A large telecommunications company was planning its go-to-market strategy for a new region (“the south”). After decades of dominance in its native region, it had very little presence in the south compared to its incumbent competitors. To top it off, while it was trying to grow market-share in the south, it was also needing to fend off an up-and-coming competitive threat back in its home market.
The company’s leadership gathered 32 people from across various areas of the firm, as well as a few outside marketing experts, in order to answer the question: Given our lack of presence in the south, what do we have to do over the next three years to win market share and deliver a world-class customer experience, while maintaining annual EBITDA growth of 8 percent?
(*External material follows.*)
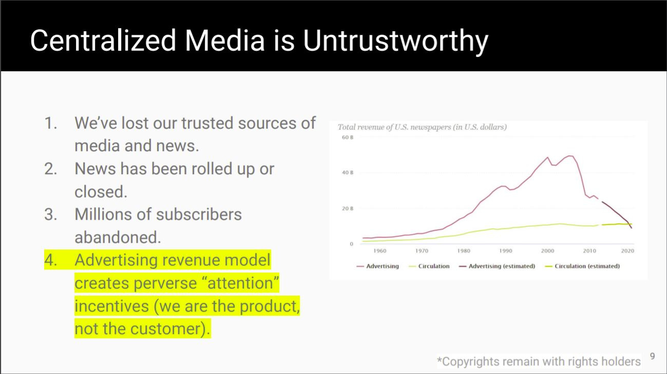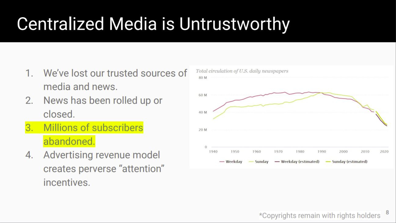 #2. This is a rare invitation to be early on something by participating in the Immutable Type crowdfund. It’ll require some time for momentum, but this thing is going to happen. When we look back, we’ll wonder why someone hadn’t done this previously. It’s as obvious as those little things that cover the openings in the Starbucks cups. Coffee cup hole-plugs are so obvious in hindsight! Immutable Type will be the same—so obvious. There will be NFTs and immutable records of journalists’ publishing, and we’re going to do it. Please support the crowdfund as best you are able. Thank you for hitting a homerun when you do. See the crowdfund here.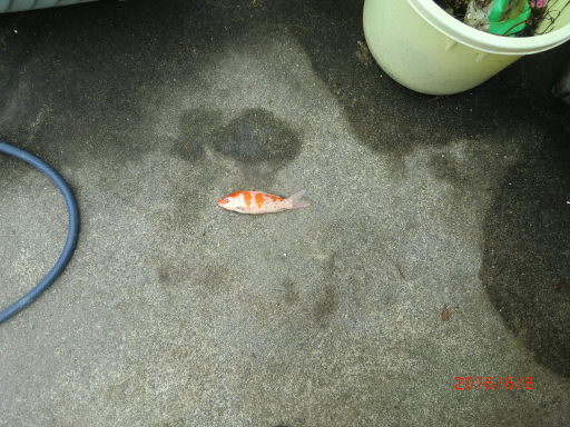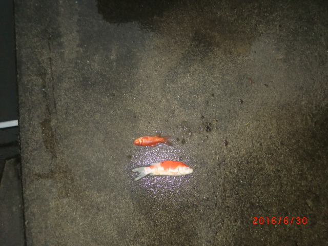 2016/6/30 守る会 姉金1匹死にました。 緋鯉1匹死にました。 写真

To answer the question, the team decided to produce an agenda with topics ranging from “customer experience,” to “contrarian moves,” and “multi-carrier expansion.” After a series of carefully structured discussions, the team realized that they had to confront the elephant in the room: Digital trends were rendering their business models and sales strategies more and more irrelevant. Their sales people were still focused on customers coming into their stores, instead of targeting consumers online.
At the end of three days, the group came up with a series of prioritized recommendations that got at key barriers to market growth: Empowering employees to win business without having to get approval from head office each time, experimenting with pop-up stores to quickly establish bricks-and-mortar presence in the south, selling previously separated sub-brands as a family of products, doubling-down on its web-to-store journey to make it industry best, and so on.
The company moved into the top 10 percent of industry performers.